As for cygwin, I have made progress, but I am about ready to throw in the towel. Now I have it working (for a while), but it seems to deadlock often in the flock(LOCK_UN) call, or possibly some race condition between 2 processes doing flock(LOCK_UN)/flock(LOCK_EX). I do have some simplification to the log_flush function however, and will be getting that checked in, once I have it tested better. I removed some of the if(fd==&pot) stuff, and simply always print stuff (to debug the true calls to that locking stuff). Also, the crk_pot_pos logic is simplified (now that I understand just wtf it was used for). We still do a SEEK_END on the .pot (but not .log). I am not 100% sure WHY we do that. I really think that should be a SEEK_CUR, and allow the append mode logic to work, BUT you mentioned that something about NFS having issues. BUT if that is the case, then I would think we would ALWAYS SEEK_END, both for the .pot and .log file ??? Rereading that, it appears that possibly using APPEND open with flock 'may' allow the system to simulate proper appending (which was what you found out about corruption).

All this is hard to tell, BUT overall, this is an exercise we have needed to do, trying to figure out how better to handle this. I still may not be able to get cygwin working (I have somewhat given up).

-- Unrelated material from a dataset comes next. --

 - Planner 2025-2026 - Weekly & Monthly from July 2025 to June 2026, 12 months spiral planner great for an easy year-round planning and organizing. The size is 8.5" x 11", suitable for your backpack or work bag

BUT this is also testing a lot with the files not already existing on disk. Once i get my script updated (to look at both log and pot file line counts), I will also see if cygwin will work, if the files are 'always' there and flushed to disk, prior to jtr running. _THAT_ has pretty much eliminated the problem on the vboxfs for ubuntu running on virtualbox. I still get an error now and again on the TS, BUT those errors are 'invalid' password, and I think what is happening is something in screen IO is getting corrupted in the stderr stuff, triggering a 'looks like' situation for a password. BUT every time I get one of those errors, there also are 1500 GOOD matching passwords (or the correct amount), so this 'bad password' is spurious from somewhere else.

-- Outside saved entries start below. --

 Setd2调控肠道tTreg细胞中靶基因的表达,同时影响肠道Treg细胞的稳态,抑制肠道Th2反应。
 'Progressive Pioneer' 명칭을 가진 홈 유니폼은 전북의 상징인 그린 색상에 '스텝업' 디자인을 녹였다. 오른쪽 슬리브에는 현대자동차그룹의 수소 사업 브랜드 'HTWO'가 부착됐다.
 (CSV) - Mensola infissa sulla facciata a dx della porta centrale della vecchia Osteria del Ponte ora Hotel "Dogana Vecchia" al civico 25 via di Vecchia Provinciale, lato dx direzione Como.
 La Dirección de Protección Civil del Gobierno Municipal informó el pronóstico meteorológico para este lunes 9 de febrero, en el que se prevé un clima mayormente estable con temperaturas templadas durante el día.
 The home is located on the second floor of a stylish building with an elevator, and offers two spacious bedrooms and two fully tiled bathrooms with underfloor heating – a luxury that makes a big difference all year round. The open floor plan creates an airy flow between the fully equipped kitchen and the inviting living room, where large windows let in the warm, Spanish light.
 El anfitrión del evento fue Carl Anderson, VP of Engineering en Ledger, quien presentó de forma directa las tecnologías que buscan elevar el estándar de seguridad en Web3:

jfoug commented 9 years ago

Ok, here is my 'test' script (to run without worry about JtRTS crap)

#!/bin/bash
CNT=0
CNT1=1
while [ true ]
do
Err=""
rm bug.*

# these 2 lines are CRITICAL on vboxfs file system (virtual box writing to native NTFS disk)
# this makes sure there ARE both of these files, before JtR starts.
echo -n > bug.pot
echo -n > bug.log

/JtR/bleed/run/john -fork=2 -w=pw.dic dynamic_1_tst.in -pot=./bug.pot -ses=./bug -form=dynamic >./bug.stdout 2>./bug.stderr

RET=$(wc bug.pot | awk '{print $1;}')

if [ x$RET != x1500 ] ; 
then
    Err="failed pot $RET"
else
RET=$(wc bug.log | awk '{print $1;}')
if [ x$RET != x1520 ] ; 
then
    Err="failed log $RET"
fi
fi

if [ "x$Err" != "x" ] ; 
then
    read -p "press ^C to break now, error was:  $Err  "
fi
CNT=$(( $CNT1 + $CNT ))
echo $CNT
done

Not really clean, but works for me.

magnumripper commented 9 years ago

Why do we do lseek(end) on the .pot file, but NOT on the log file??? Is that simply for that 'pot reload' logic??

Yep, it's just for getting the position before/after writing. We don't have to seek for the write, the O_APPEND guarantees a seek to end when writing anyway. Except for vboxsf...

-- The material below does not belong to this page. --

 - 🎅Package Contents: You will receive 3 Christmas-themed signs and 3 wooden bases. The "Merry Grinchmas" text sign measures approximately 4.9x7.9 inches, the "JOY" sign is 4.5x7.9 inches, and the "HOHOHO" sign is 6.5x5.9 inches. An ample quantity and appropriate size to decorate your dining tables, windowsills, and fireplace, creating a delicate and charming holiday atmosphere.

magnumripper commented 9 years ago

I am going to make a 'simple' script and start looking for this one also.

Why? It's just the exact same symptoms from the exact same vboxsf bug. IMHO time would be better spent trying to create a good isolated test case and report this to Oracle or whoever is the author of vbox.

magnumripper commented 9 years ago

We still do a SEEK_END on the .pot (but not .log). I am not 100% sure WHY we do that. I really think that should be a SEEK_CUR

Current what!? Who's current position? What we are doing here is 1. Remember the eof-position after WE wrote to the pot file, and 2. next time we write, first check if a SEEK_END now show a different figure. If it does, someone else wrote to the pot file so we need a pot sync.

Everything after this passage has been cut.